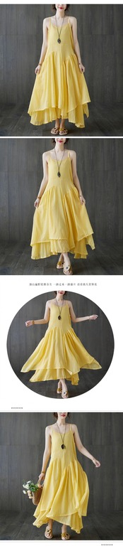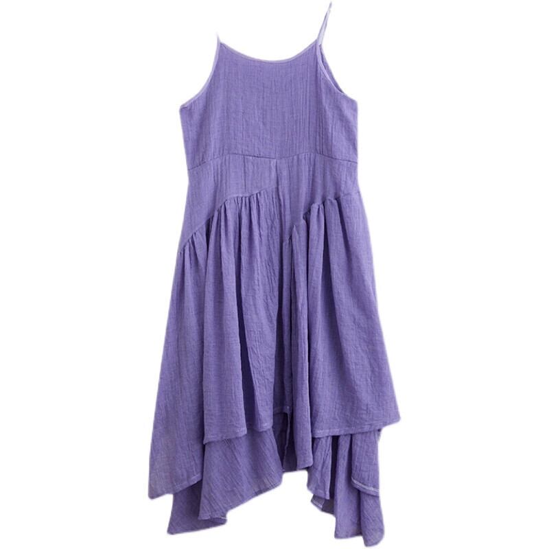 サスペンダードレスの女性の夏 2021 ゆったり大きいサイズソリッドカラー芸術的な不規則な大きな裾綿とリネンロングスカート コットン 大きめサイズ サマー 夏物 sine71389746234
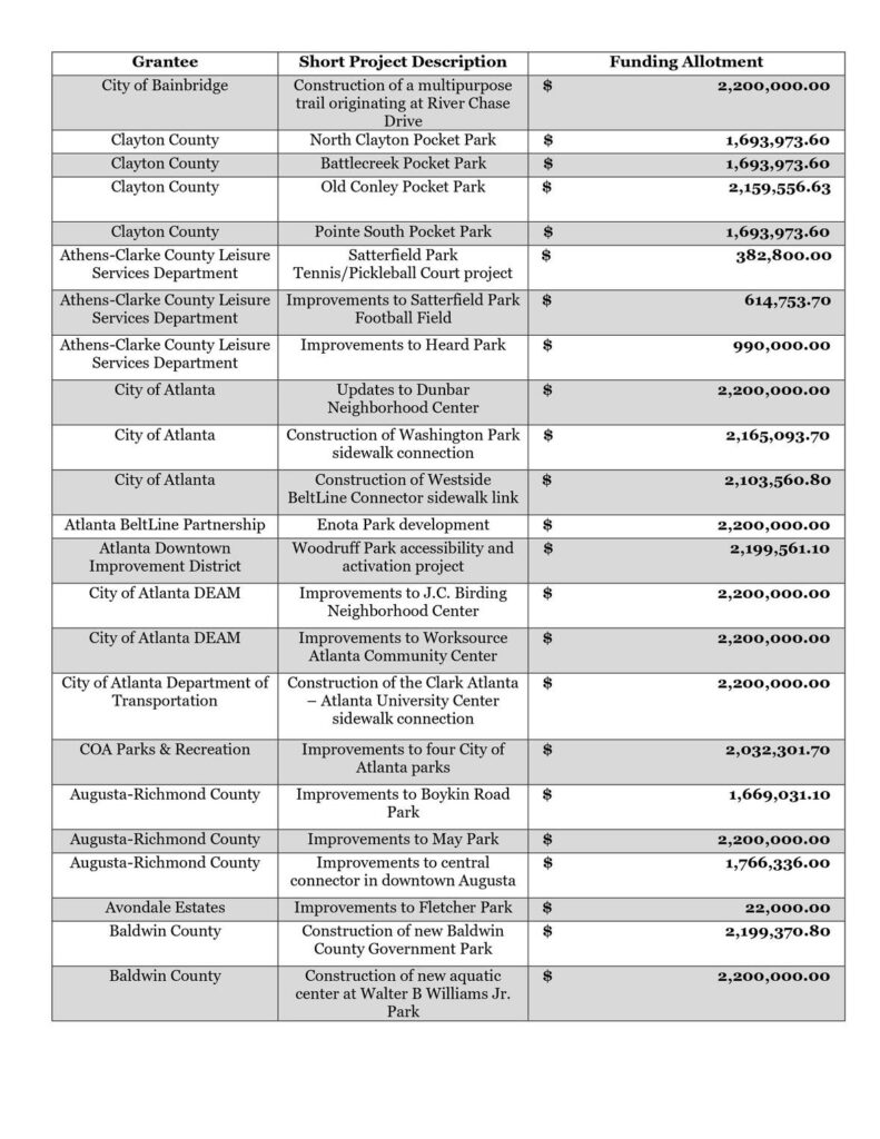 Governor Brian P. Kemp announced preliminary grant awards totaling more than $225 million for 142 qualified projects that improve neighborhood assets like parks, recreation facilities, sidewalks, and healthy food access in communities all across the state disproportionately impacted by the COVID-19 pandemic.
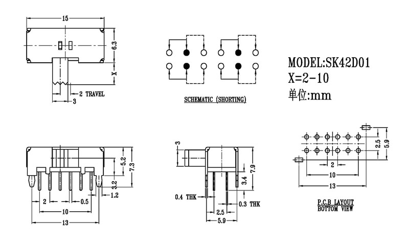 撥動開關主要技術參數/Slide Switch Main data
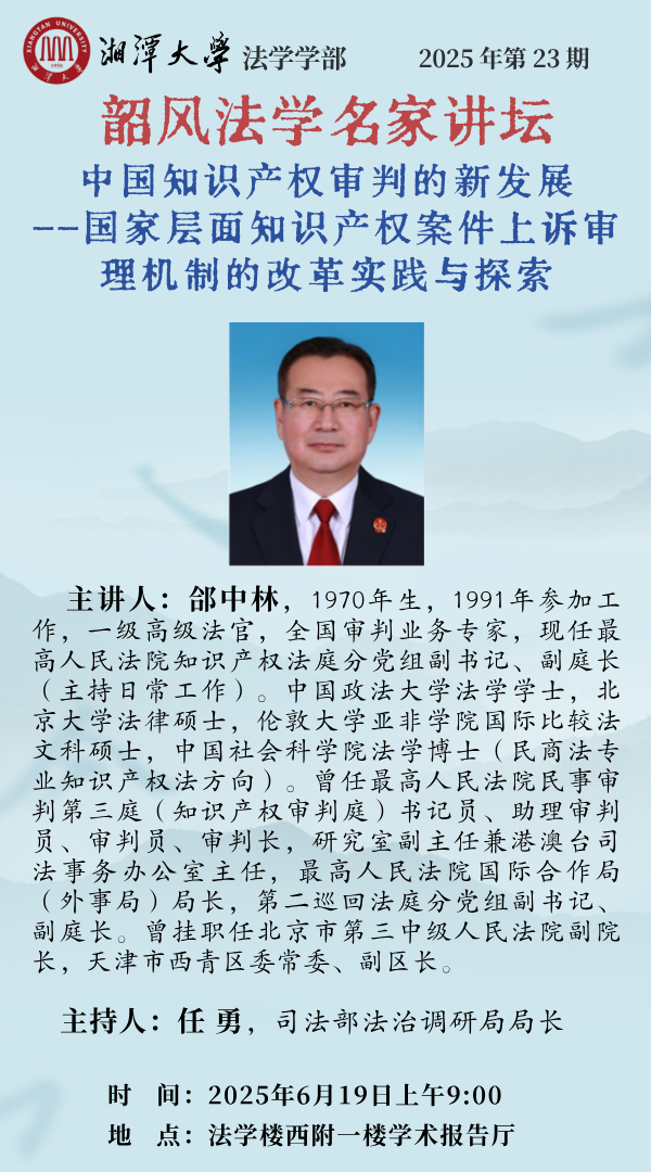【韶风我院名家讲坛】2025年第23期 郃中林:中国知识产权审判的新发展--国家层面知识产权案件上诉审理机制的改革实践与探索

----

● **WHAT IS BEING ASKED**: Your copy should hold all the data word for word. It should hold no pictures.

● **SOLUTION FOR THIS TASK**:
 サスペンダードレスの女性の夏 2021 ゆったり大きいサイズソリッドカラー芸術的な不規則な大きな裾綿とリネンロングスカート コットン 大きめサイズ サマー 夏物 sine71389746234
 Governor Brian P. Kemp announced preliminary grant awards totaling more than $225 million for 142 qualified projects that improve neighborhood assets like parks, recreation facilities, sidewalks, and healthy food access in communities all across the state disproportionately impacted by the COVID-19 pandemic.
 撥動開關主要技術參數/Slide Switch Main data
【韶风我院名家讲坛】2025年第23期 郃中林:中国知识产权审判的新发展--国家层面知识产权案件上诉审理机制的改革实践与探索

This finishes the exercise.